But what if you cannot enable SSH public key authentication?  No problem, there's an alternative solution.

Expect script

Expect to the rescue! Expect is a nifty program that automates tasks based on input and output. You should have installed Expect on your computer by now.

Using heavily Googled code, I concocted my own version of the sshexpect script:

#!/usr/bin/expect -f

#Expect script to supply root/admin password for remote ssh server
#and execute command.
#This script needs three argument to(s) connect to remote server:
#password = Password of remote UNIX server, for root user.
#ipaddr = IP Addreess of remote UNIX server, no hostname
#scriptname = Path to remote script which will execute on remote server
#For example:
#./sshlogin.exp password who
#Copyright (c) 2004 nixCraft project <>
#This script is licensed under GNU GPL version 2.0 or above
#This script is part of nixCraft shell script collection (NSSC)
#Visit for more information.
#set Variables

set ipaddr [lrange $argv 0 0]
   set password [lrange $argv 1 1]
   set scriptname [lrange $argv 2 2]
   set arg1 [lrange $argv 3 3]
   set arg2 [lrange $argv 4 4]
   set arg3 [lrange $argv 5 5]
   set arg4 [lrange $argv 6 6]
   set arg5 [lrange $argv 7 7]
   set arg6 [lrange $argv 8 8]
   set arg7 [lrange $argv 9 9]

#setting a timeout for the password prompt 5 seconds larger than the SSH ConnectionTimeout parameter

set timeout 35

#now connect to remote UNIX box (ipaddr) with given script to execute

set pid [spawn -noecho ssh -o "ConnectTimeout 30" -o "CheckHostIP no" -o "StrictHostKeyChecking no" $ipaddr $scriptname $arg1 $arg2 $arg3 $arg4 $arg5 $arg6 $arg7]
match_max 5000

#look for password prompt

log_user 0
   expect {
      "denied"                       {puts "CRITICAL: wrong SSH password" ; exit 2}
      "Name or service not known"    {puts "CRITICAL: cannot resolve SSH server name $ipaddr" ; exit 2}
      "Connection refused"           {puts "CRITICAL: SSH connection to $ipaddr refused" ; exit 2}
      "Connection timed out"         {puts "CRITICAL: SSH connection to $ipaddr timed out" ; exit 2}
      timeout                        {puts "CRITICAL: SSH server timed out while prompting for password" ; exit 2}

# send password

send -- "$password"

# send blank line to make sure we get back to gui

send -- "r"
   expect "r"
   log_user 1

# now we wait up to 30 seconds

set timeout 30
   expect {
       timeout                   {puts "CRITICAL: execution of $scriptname timed out after 30 seconds" ; exit 2}

set waitret [wait]
   catch {close}

set state [lindex $waitret 2]
   exit [lindex $waitret 3

What this script does is fairly easy to understand (once it's been explained to you!). It starts ssh with the passed arguments (a maximum of 8), against the server you specify and with a password you specify as well. It returns the status value of the remoted (remotely invoked) command.
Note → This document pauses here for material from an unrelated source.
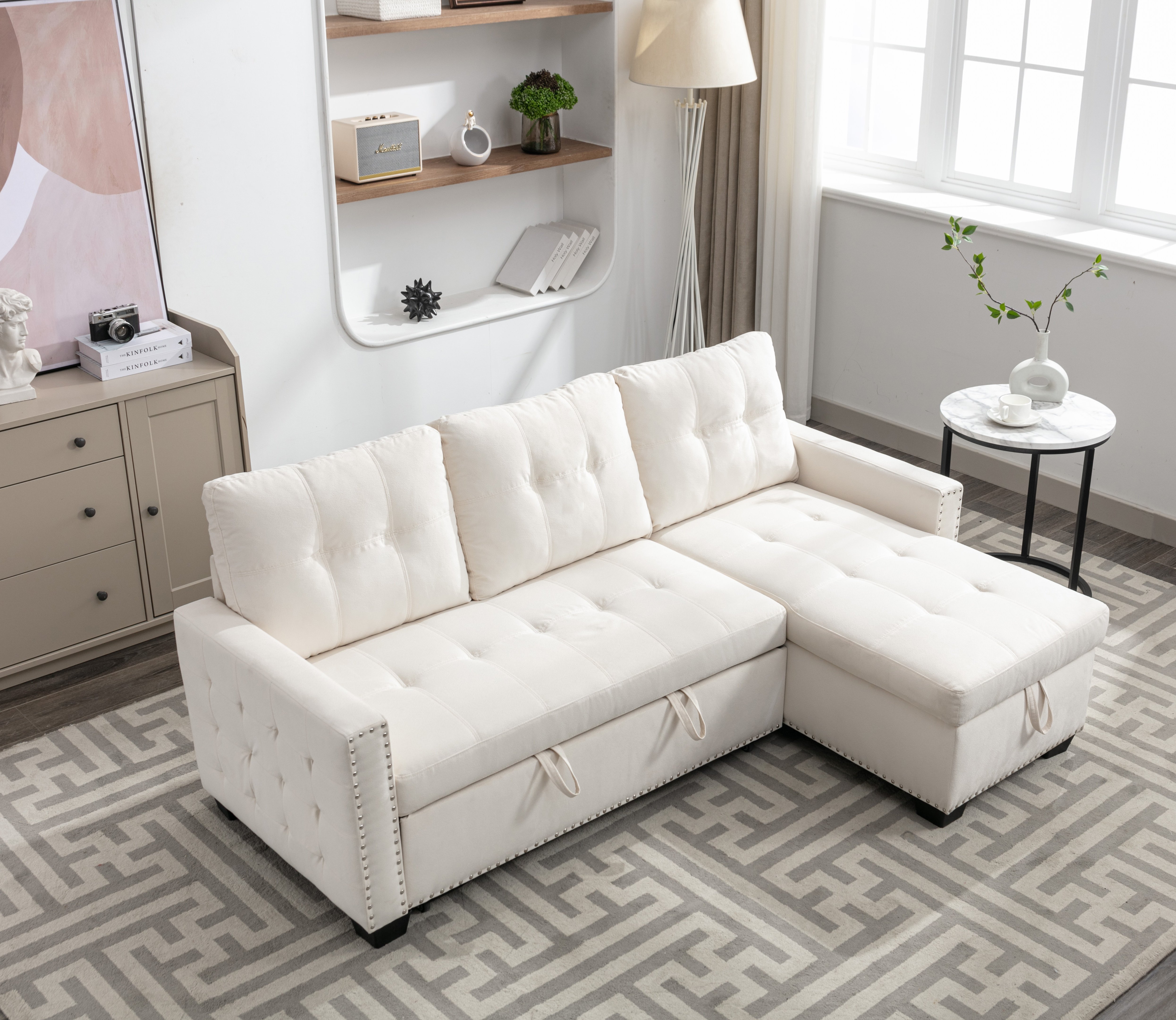 Functional : Pull out sleeper +Storage chaise+Removable cushions

The script suppresses any SSH output not related to the command, so beware: if the password is wrong, you will not be told. The script also make SSH not prompt for host authentication, so if you're finicky about security, perhaps this is the wrong approach for you. But it works for me, so let's go on. Again, keep reading.

Testing our Frankenstein concoction to see if it works

We're going to use this as a "Nagios plugin" to remote the check_http command on the server, like this:

[rudd-o@andrea] [01:12:50]
[~/bin] > /usr/local/bin/sshexpect password123 bin/nagiosrun nagios/bin/check_http -H -w 2 -c 5
HTTP OK HTTP/1.1 200 OK - 42531 bytes in 0.793 seconds |time=0.793211s;2.000000;5.000000;0.000000 size=42531B;;;0
This time, I took the liberty of supplying check_http with some arguments it wants under normal operation. This is of no actual concern at this point, because Nagios does that for you, but I'll explain what they are:
  • -H that's the host that check_http will check
  • -w 2: any request taking more than 2 seconds will be classified as a WARNING condition
  • -c 5: any request taking more than 5 seconds will be classified as a CRITICAL condition

You can clearly see that check_http reports OK, with page generation times of 0.793 seconds. Great!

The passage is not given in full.